■ What is required
Once the images are set aside, output the listing exactly as it stands.

■ Dataset excerpt
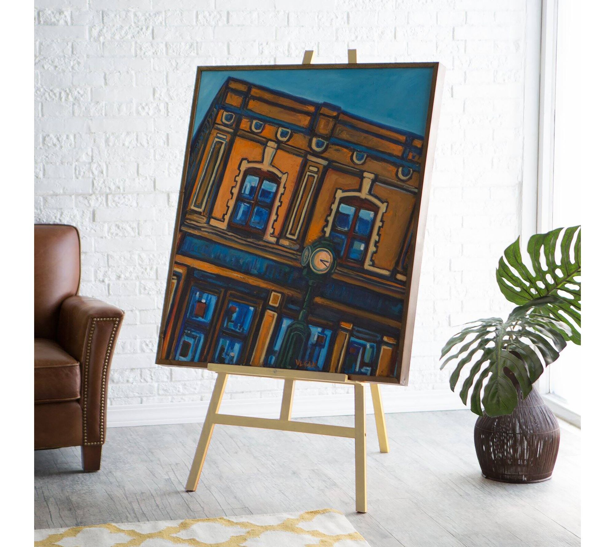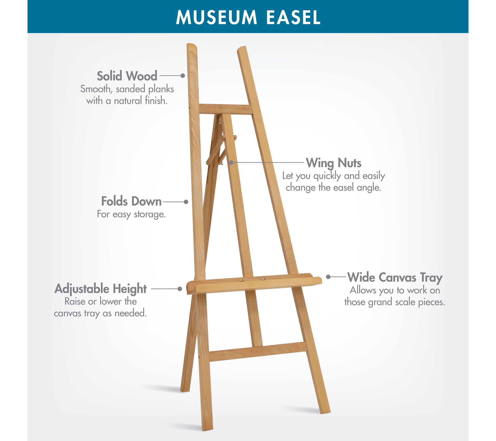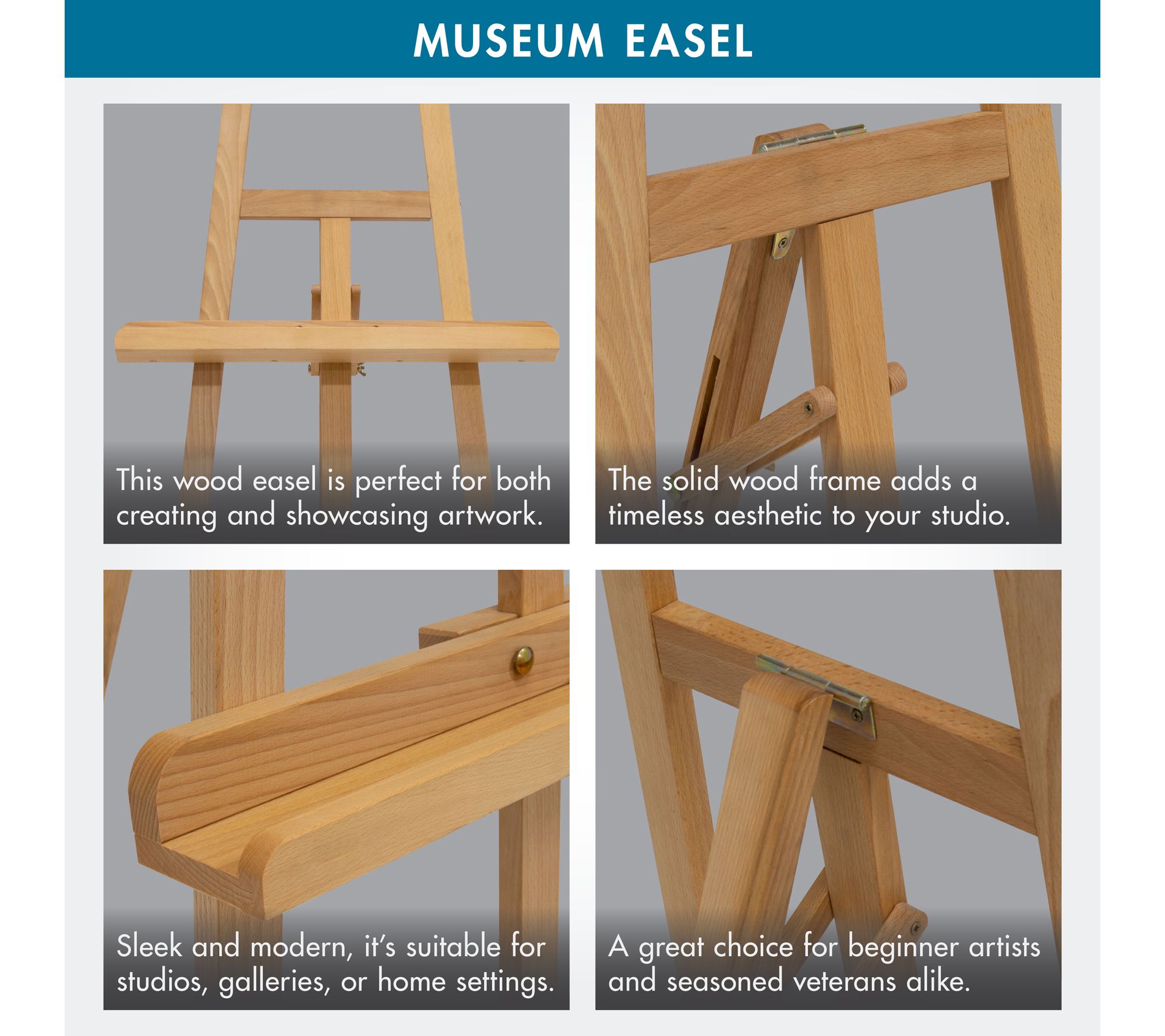 Elevate your creative space with this Museum Display Art Lyre Easel, designed to secure your artwork while you paint and showcase it when complete. The smooth sanded Birch hardwood finish adds a refined touch, and its adjustable angle allows for versatile use. The easel conveniently folds flat for easy storage. From Studio Designs.
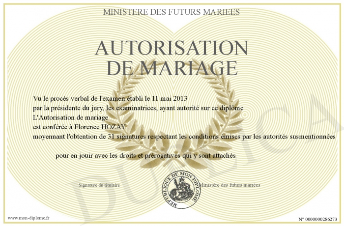 Envoyez par email votre Autorisation de mariage personalisé
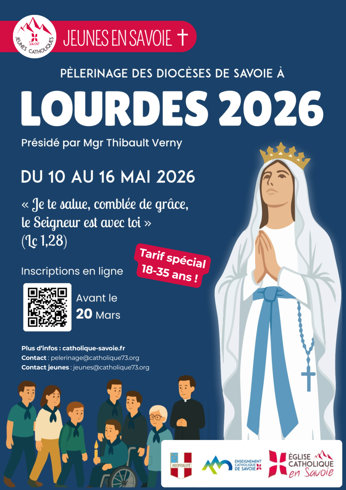 Pour en savoir plus pour partir à Lourdes en tant que pèlerin de + de 35 ans, prêtre, jeune d’un établissement de l’enseignement catholique de Savoie, hospitalier ou pèlerin accompagné : Rendez-vous sur la page des diocèses de Savoie.

■ Solution for this problem
 Elevate your creative space with this Museum Display Art Lyre Easel, designed to secure your artwork while you paint and showcase it when complete. The smooth sanded Birch hardwood finish adds a refined touch, and its adjustable angle allows for versatile use. The easel conveniently folds flat for easy storage. From Studio Designs.
 Envoyez par email votre Autorisation de mariage personalisé
 Pour en savoir plus pour partir à Lourdes en tant que pèlerin de + de 35 ans, prêtre, jeune d’un établissement de l’enseignement catholique de Savoie, hospitalier ou pèlerin accompagné : Rendez-vous sur la page des diocèses de Savoie.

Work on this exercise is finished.